▶ **Dataset entries**
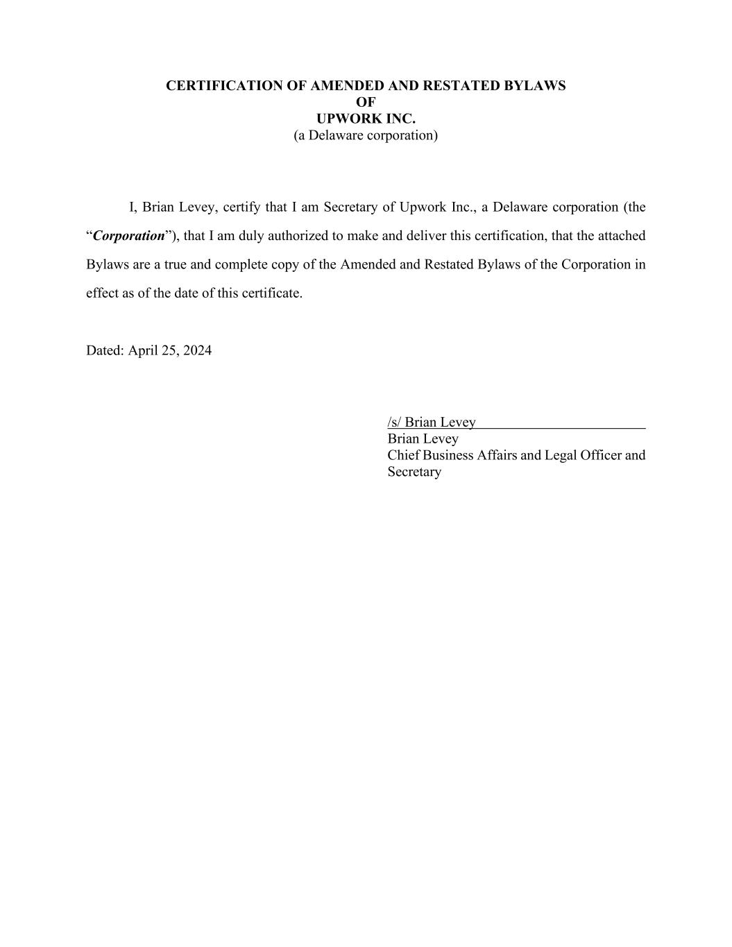 CERTIFICATION OF AMENDED AND RESTATED BYLAWS OF UPWORK INC. (a Delaware corporation) I, Brian Levey, certify that I am Secretary of Upwork Inc., a Delaware corporation (the “Corporation”), that I am duly authorized to make and deliver this certification, that the attached Bylaws are a true and complete copy of the Amended and Restated Bylaws of the Corporation in effect as of the date of this certificate. Dated: April 25, 2024 /s/ Brian Levey Brian Levey Chief Business Affairs and Legal Officer and Secretary
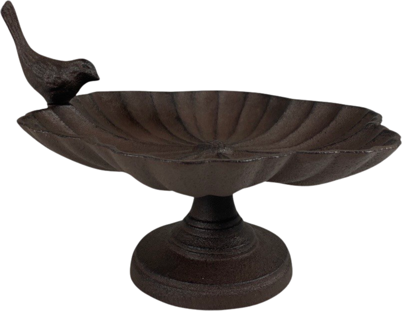 Het vogel- en bloemvriendelijke ontwerp maakt van het Vogelbad Bloem een echte blikvanger! Het is gemaakt van gietijzer, weerbestendig en ideaal voor in de tuin, op het balkon of terras. De antiekbruine look past harmonieus in de natuurlijke omgeving.
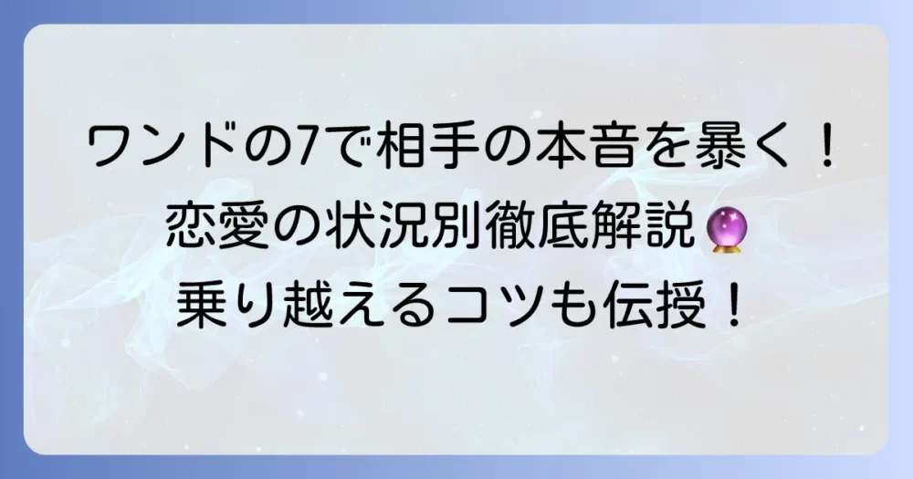 タロット占いで「ワンドの7」が出たとき、相手の気持ちが気になっていませんか?このカードは、一見すると争いや困難を示唆するように見えますが、実は相手の秘めた情熱… -
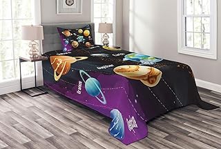 Ambesonne 宇宙 ベッドスプレッド 太陽系 天の川 海王星 金星 水星 球体 イラスト 装飾キルト 2ピース カバーレット セット 枕カバー付き ツインサイズ ブラック パープル
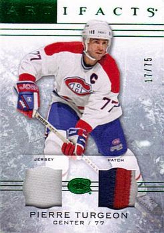 The Pierre Turgeon 2014 Upper Deck Artifacts #81 Jersey Patch - Emerald /75 card is 1 of 11 Pierre Turgeon's card variations in the 2014 Upper Deck Artifacts set being tracked by Sports Card Investor, including Base /999, Ruby /499, Emerald /99, Sapphire /85, and Gold Spectrum /25.
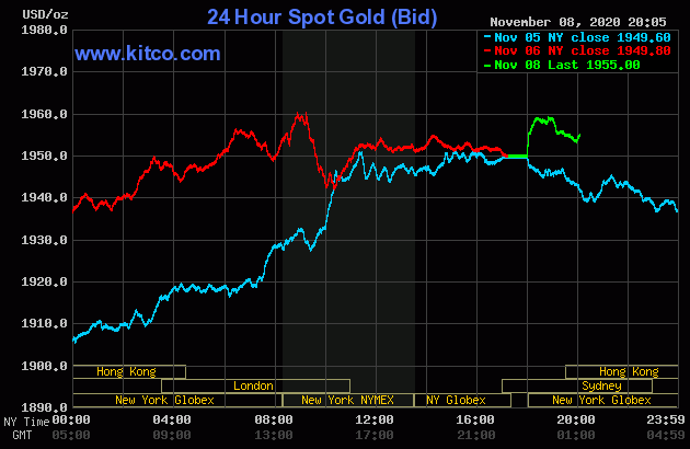 Trên Kitco.com, tại thời điểm 8h sáng ngày hôm nay 9/11 (theo giờ Việt Nam), giá vàng giao ngay được giao dịch ở mức 1.955 USD/ounce, tăng hơn 5 USD/ounce so với giá kết phiên giao dịch gần nhất. Giá vàng giao tháng 12/2020 trên sàn Comex New York cũng được giao dịch ở mức 1.955 USD/ounce.
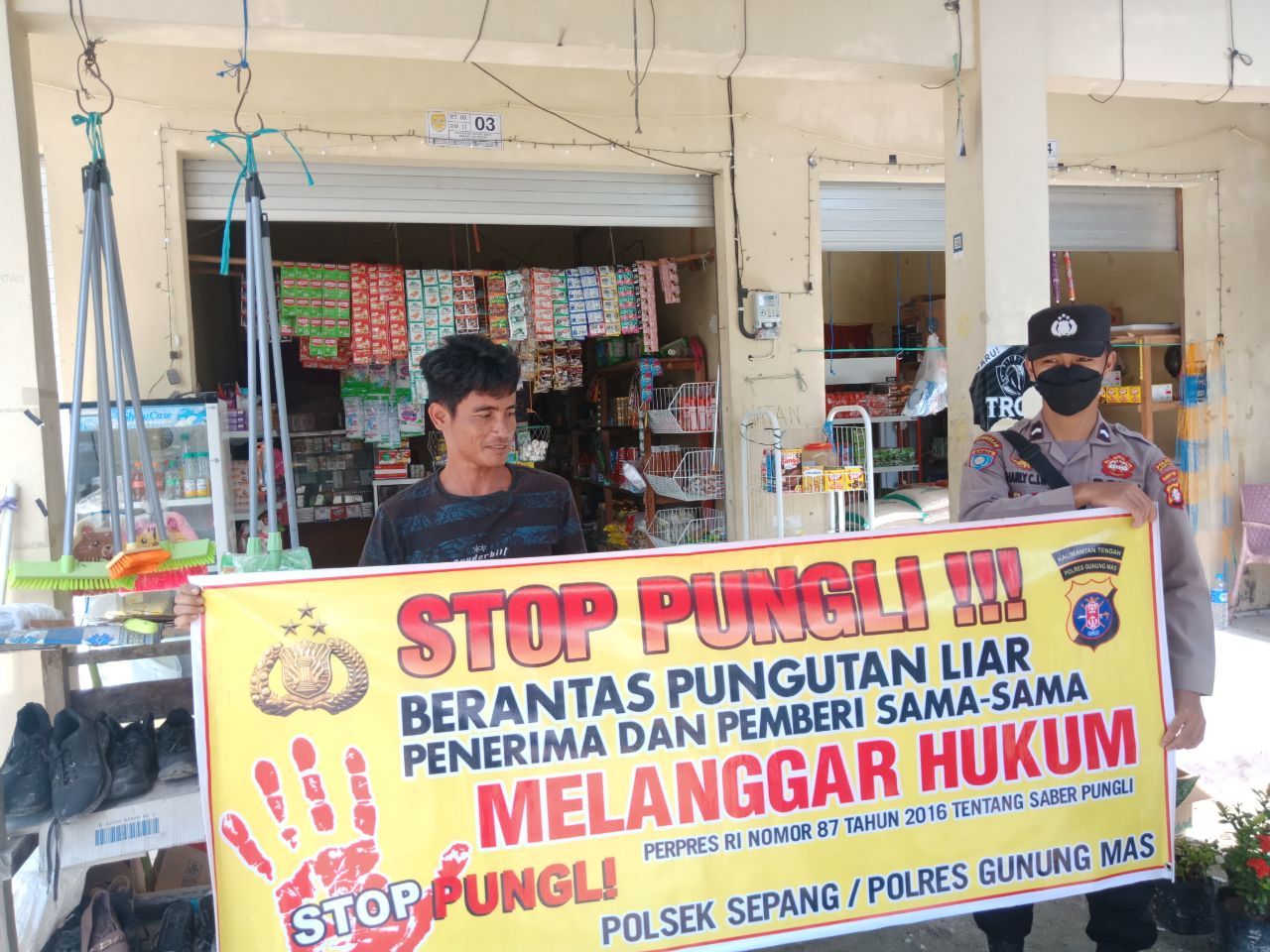 Polres Gunung Mas – Personel Polsek Sepang, Polda Kalteng, Gunung Mas, Kalimantan Tengah, mengedukasi kepada masyarakat setempat tentang bahaya pungutan liar. Langkah ini dilakukan sebagai upaya keras untuk memerangi praktik ilegal ini dan memberikan informasi kepada masyarakat mengenai hak-hak mereka serta konsekuensi hukum yang terkait dengan pungutan liar. Sabtu (29/6/24) sekira pukul 10.00 WIB.
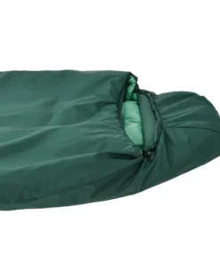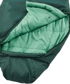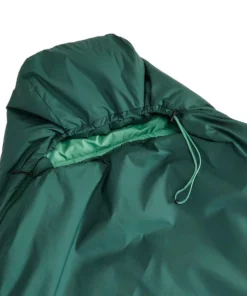 Die Kapuze kannst du bei Bedarf mit einem Kordelzug zuziehen. Der lange 2-Wege-Reißverschluss ist mit einer Schutzleiste versehen, der ein Verklemmen des RVs im Futter verhindern soll. Gleichzeitig dient die Schutzleiste als Reißverschluss-Abdeckleiste, um keine Kältebrücken entstehen zu lassen. Wird es doch einmal zu warm, kannst du den Schlafsack weit öffnen und aufklappen.
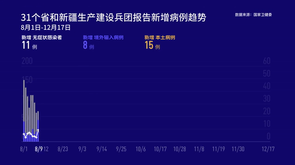 31个省(自治区、直辖市)和新疆生产建设兵团报告新增无症状感染者11例(境外输入9例);当日转为确诊病例1例(为境外输入);当日解除医学观察10例(境外输入9例);尚在医学观察无症状感染者198例(境外输入178例)。

▶ **What you have to do**
Among the entries above, take the line with "Ambesonne 宇宙 ベッドスプレッド", the line with "Trên Kitco.com, tại", and all the lines between them, and restate them word for word without pictures.

▶ **Output**
 Ambesonne 宇宙 ベッドスプレッド 太陽系 天の川 海王星 金星 水星 球体 イラスト 装飾キルト 2ピース カバーレット セット 枕カバー付き ツインサイズ ブラック パープル
 The Pierre Turgeon 2014 Upper Deck Artifacts #81 Jersey Patch - Emerald /75 card is 1 of 11 Pierre Turgeon's card variations in the 2014 Upper Deck Artifacts set being tracked by Sports Card Investor, including Base /999, Ruby /499, Emerald /99, Sapphire /85, and Gold Spectrum /25.
 Trên Kitco.com, tại thời điểm 8h sáng ngày hôm nay 9/11 (theo giờ Việt Nam), giá vàng giao ngay được giao dịch ở mức 1.955 USD/ounce, tăng hơn 5 USD/ounce so với giá kết phiên giao dịch gần nhất. Giá vàng giao tháng 12/2020 trên sàn Comex New York cũng được giao dịch ở mức 1.955 USD/ounce.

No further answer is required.